Action item.
Please repeat the data exactly. Any picture in it stays out.

Data section.

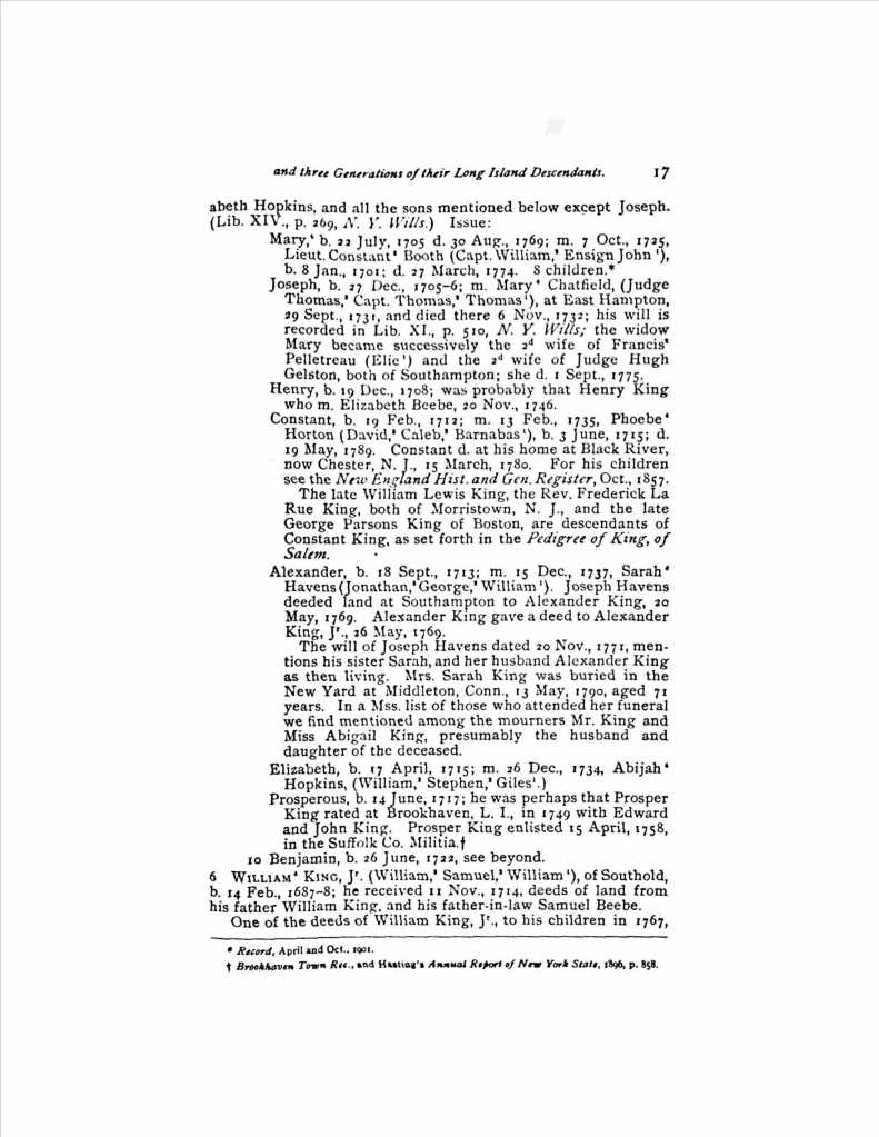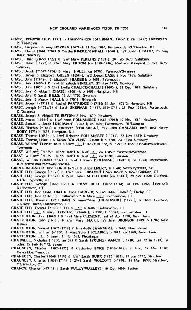 Wishful thinking is easy to find in the Ancestry databases, and there are a number of people who have linked our ancestor Captain Thomas Chatfield II with the Mary Foster descended from Richard Warren, in their family trees. The link begins to look suspicious, however, when nobody seems to have any supporting documentation for this marriage. There is documentation for Chatfield’s marriage to a woman with this name, but she was someone who was born and died on Long Island, whereas the Mayflower descendant Mary Foster was born and died in Massachusetts. It becomes clear that they were two people of the same generation with the same name. (A third Mary Foster seems to have been a victim of the Salem Witch Trials.)
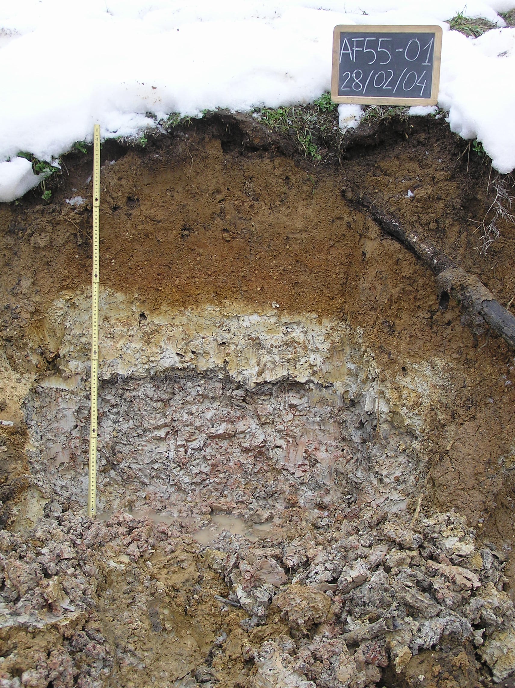 Orizzonte 2C2 : 72 - 101 cm; bagnato; colore grigio chiaro (10YR 7/1); colore subordinato bruno rossatro (2,5YR 4/4); tipo colore litocromico; tessitura franco limoso argillosa; scheletro 2 % , di forma subarrotondata con diametro medio di 30 mm e diametro massimo di 50 mm, alterato; macropori < 0,1 % con dimensioni medie <1 mm; radici 3/dmq, con dimensioni medie di 1 mm e dimensioni massime di 2 mm, orientamento orizzontale; radicabilità 80 % ; resistenza: molto resistente; moderatamente adesivo; moderatamente plastico; non calcareo; limite inferiore non raggiuto.
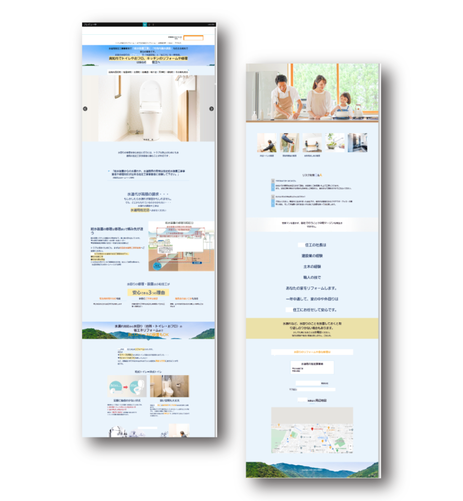 個人経営のリフォーム会社では集客数のコントロールが必要です。そのため、大手のLPのような売り込み主体の作りではなく、個人経営ならではの特徴を打ち出しました。

Task solution.
 Wishful thinking is easy to find in the Ancestry databases, and there are a number of people who have linked our ancestor Captain Thomas Chatfield II with the Mary Foster descended from Richard Warren, in their family trees. The link begins to look suspicious, however, when nobody seems to have any supporting documentation for this marriage. There is documentation for Chatfield’s marriage to a woman with this name, but she was someone who was born and died on Long Island, whereas the Mayflower descendant Mary Foster was born and died in Massachusetts. It becomes clear that they were two people of the same generation with the same name. (A third Mary Foster seems to have been a victim of the Salem Witch Trials.)
 Orizzonte 2C2 : 72 - 101 cm; bagnato; colore grigio chiaro (10YR 7/1); colore subordinato bruno rossatro (2,5YR 4/4); tipo colore litocromico; tessitura franco limoso argillosa; scheletro 2 % , di forma subarrotondata con diametro medio di 30 mm e diametro massimo di 50 mm, alterato; macropori < 0,1 % con dimensioni medie <1 mm; radici 3/dmq, con dimensioni medie di 1 mm e dimensioni massime di 2 mm, orientamento orizzontale; radicabilità 80 % ; resistenza: molto resistente; moderatamente adesivo; moderatamente plastico; non calcareo; limite inferiore non raggiuto.
 個人経営のリフォーム会社では集客数のコントロールが必要です。そのため、大手のLPのような売り込み主体の作りではなく、個人経営ならではの特徴を打ち出しました。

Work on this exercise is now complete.